The experimental results prove that it is effective to use feature enhancement technology and minority oversampling at the same time for high-dimensional imbalanced data sets. Compared with the previous PRR-SMOTE-RF framework that does not use feature enhancement, the model proposed in this paper has a higher classification accuracy on the same ADR data set. Other evaluation indicators also confirmed this conclusion. Furthermore, the results indicate that it is effective to use GAN to generate artificial data to improve the overall data distribution in the feature space. In other words, on the basis of minority oversampling of imbalanced data sets, feature enhancement can help achieve more accurate classification. At the same time, this method retains all existing ADR features, thus avoiding the risk evaluation deviation caused by lack of features.

Furthermore, we compare the artificial data generated by GAN with the real data in the ADR data set. Since the data set contains a variety of ADR symptoms, and a drug causes only a small part of the adverse reactions, the data matrix after PRR signal detection is high-dimensional and sparse. The proportion of nonzero elements in the original ADR imbalanced data set is 1.73%. For the top 200 features screened by FS, the proportion of nonzero elements is 5.02%; while for the artificial data generated by GAN, its proportion is 4.85%. This result indicates that artificial data and real data have a high degree of similarity in numerical form. The artificial features generated by GAN satisfy the spatial distribution characteristics of the original data. More specifically, the data distribution of artificial data and real data is similar. Therefore, adding artificial features to the ADR imbalanced data set can improve the sparsity of its feature space. This once again verified that it is feasible to use GAN to achieve feature enhancement.

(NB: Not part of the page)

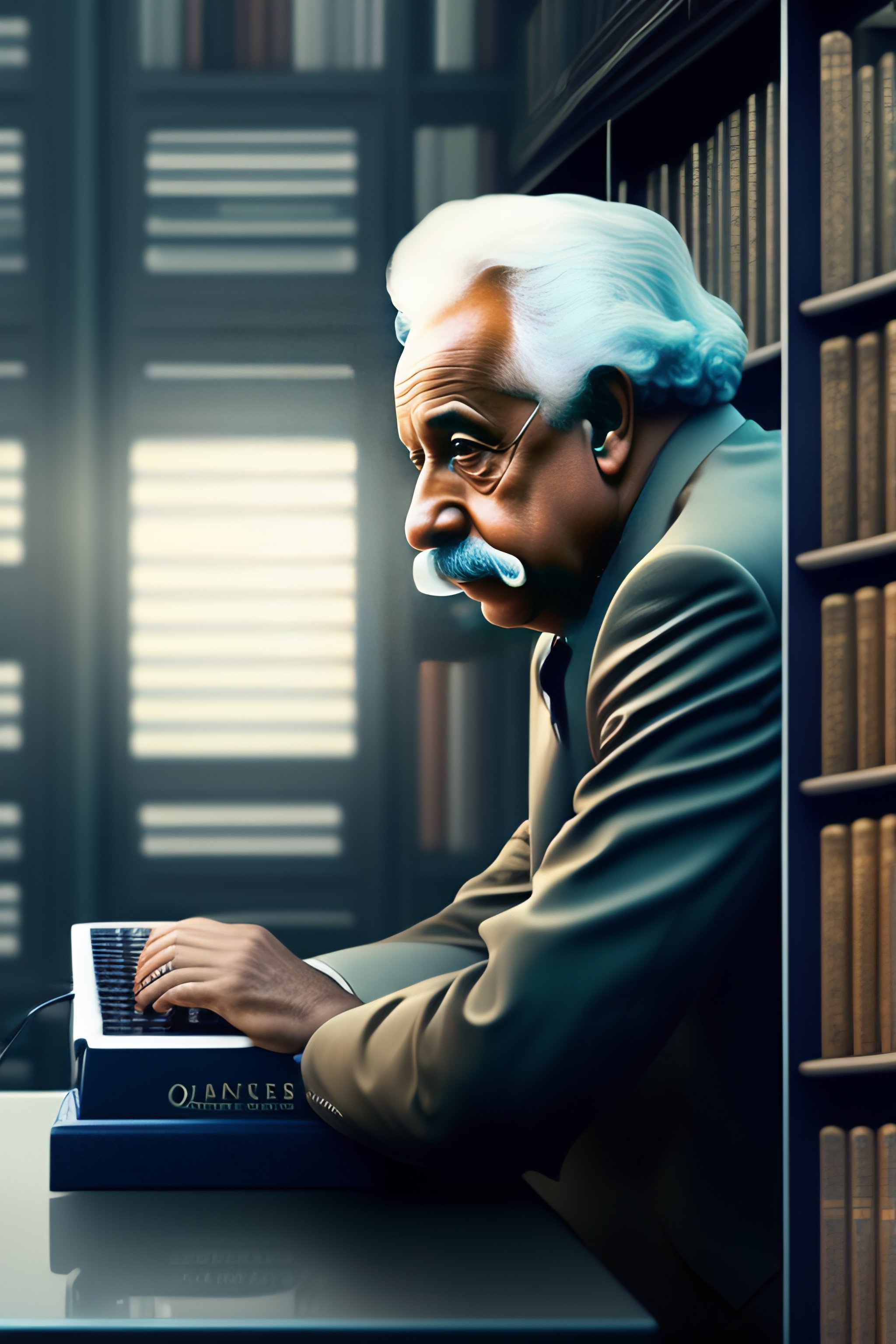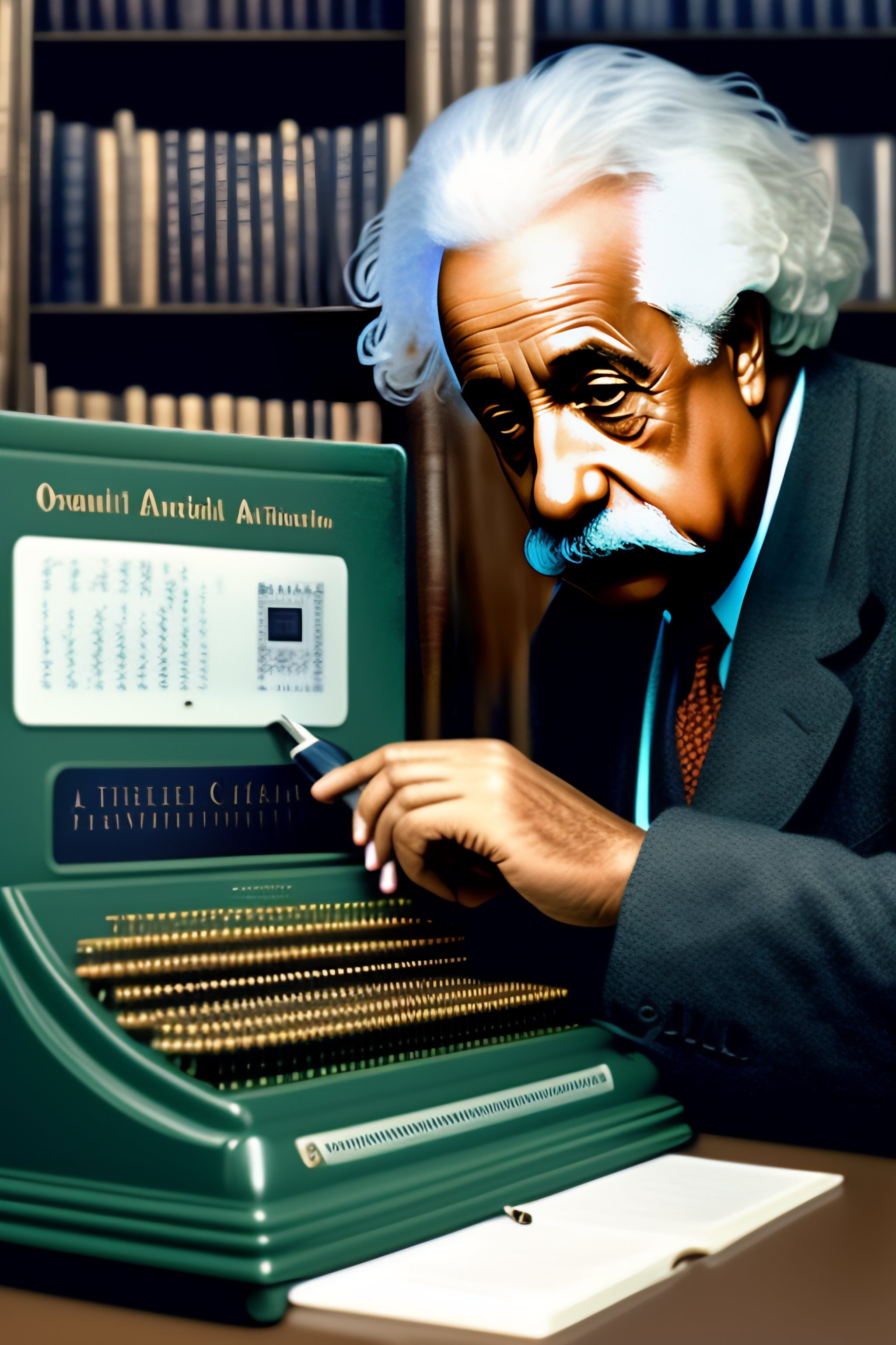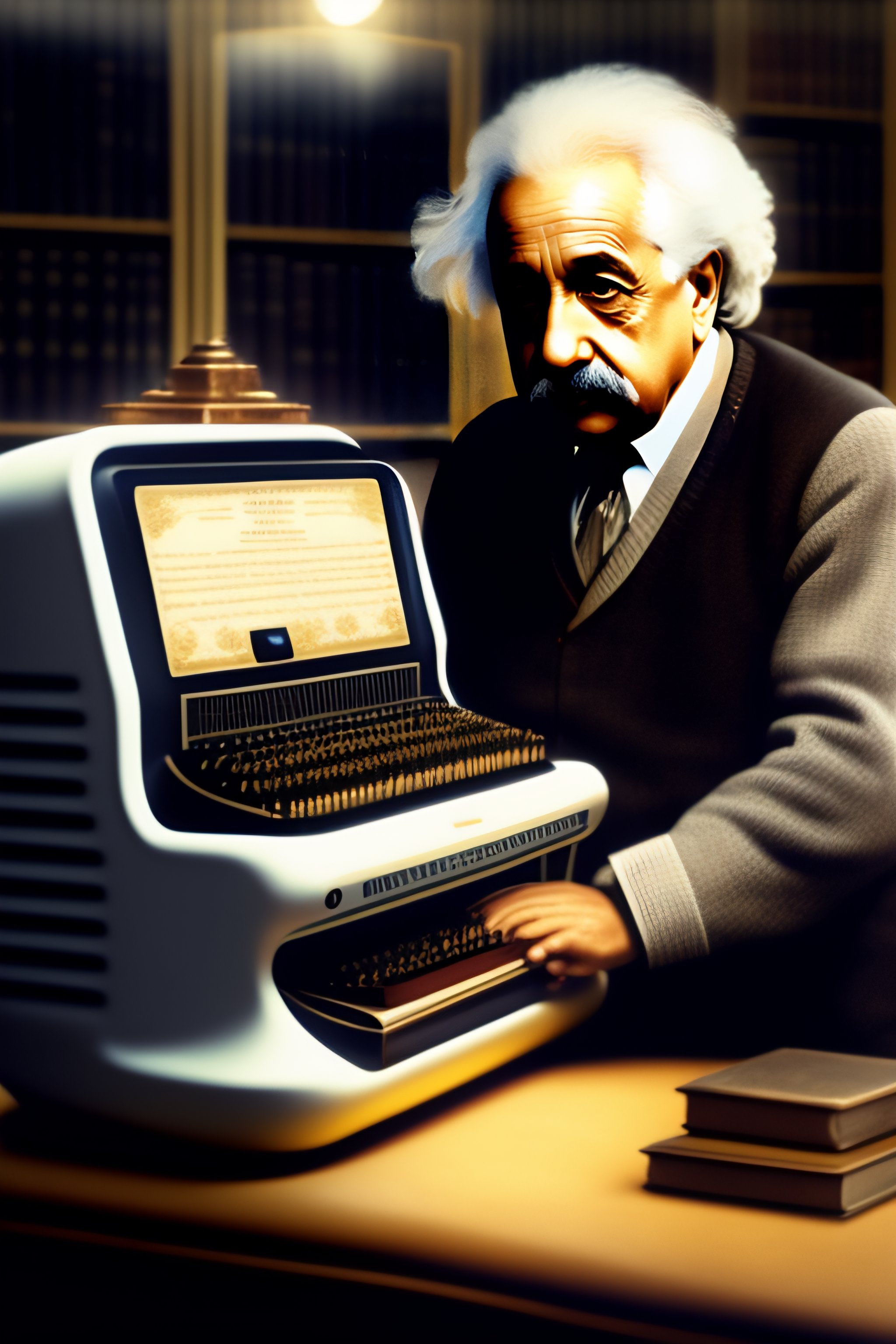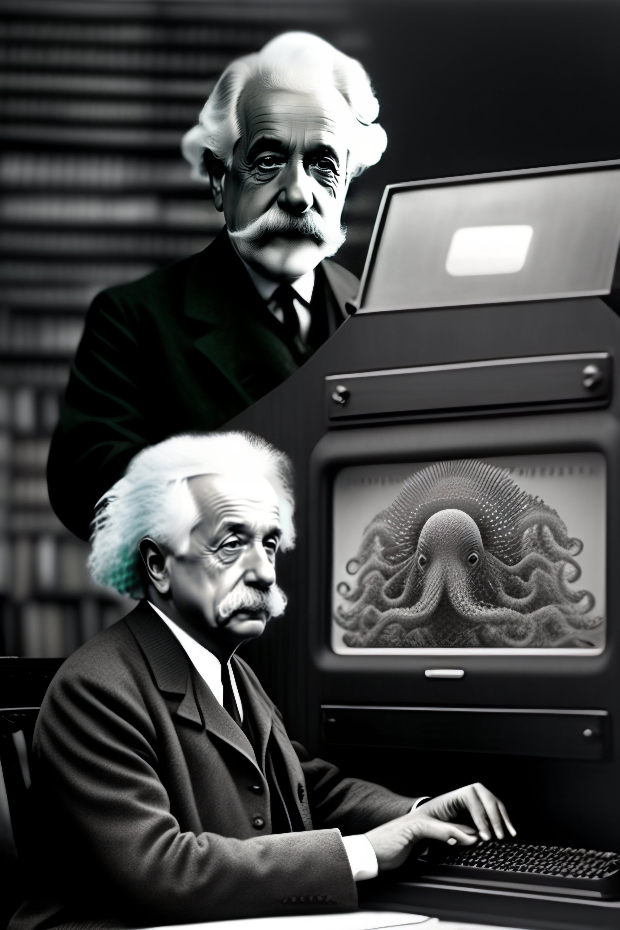 Albert einstein typing on a computer-octopus hybrid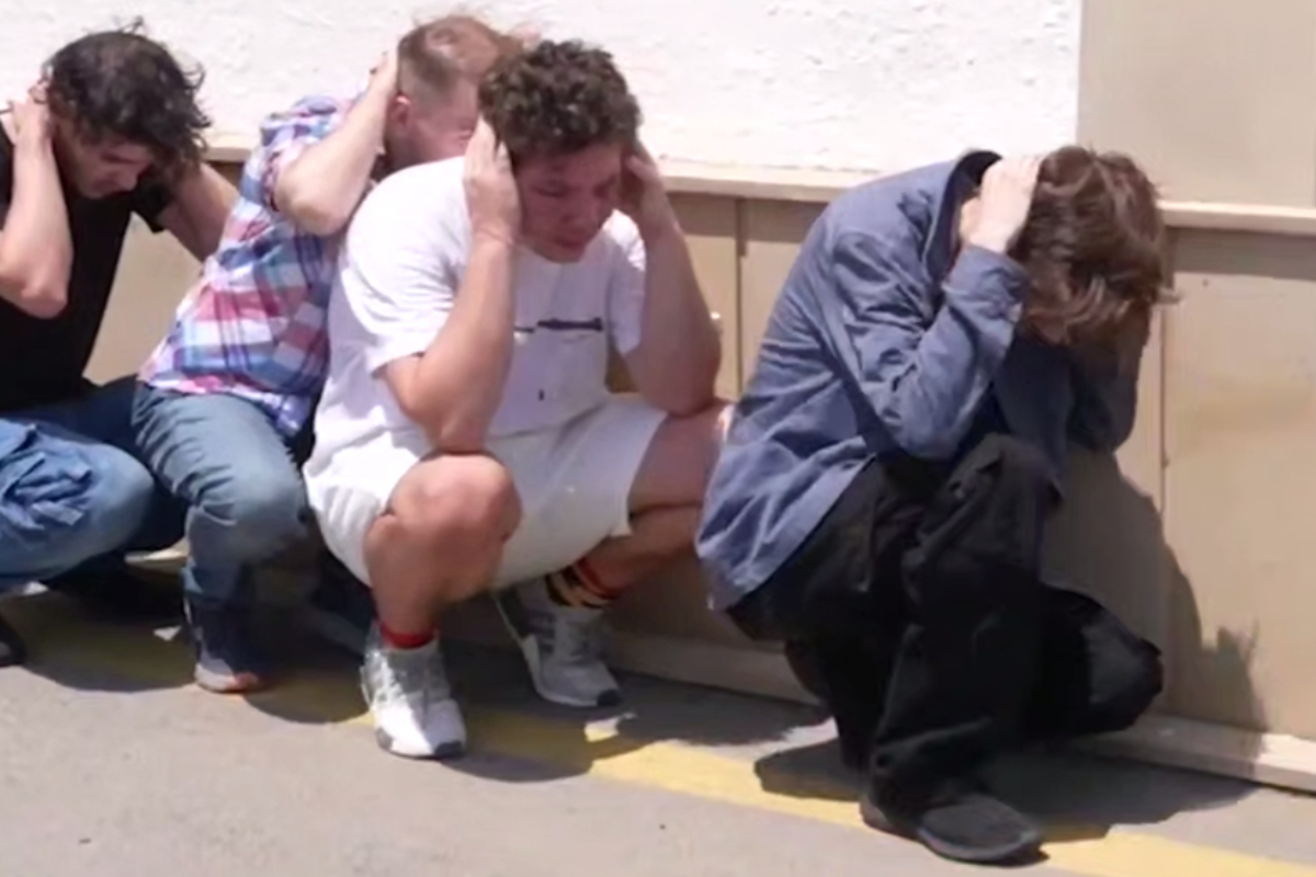 Эту информацию им, видимо, вбивали в головы в буквальном смысле слова, судя по появившимся в Сети фотокадрам, на которых задержанные россияне предстают со следами явного избиения на лицах. Их также зачем-то заставили заложить руки за головы и ходить по кругу гуськом («паровозиком»), недоумевает журналист.

Through the above analysis, we can draw conclusion that Model 3 (FS_GAN + SMOTE + RF) is more suitable for the prediction of CFDA’s spontaneous report data. When choosing this model to evaluate drug risks, we need to conduct further analysis on misclassified drugs. On the one hand, the proposed model has deviation, which can make some medicines misclassified. On the other hand, the adverse reaction corresponding to the drug does not match the class it belongs to, which leads to the wrong classification. In view of the above two situations, experts will reevaluate the misclassified drugs. For drugs that do not match their category, they need to switch among Rx, OTC-A, and OTC-B to control the risks of drugs.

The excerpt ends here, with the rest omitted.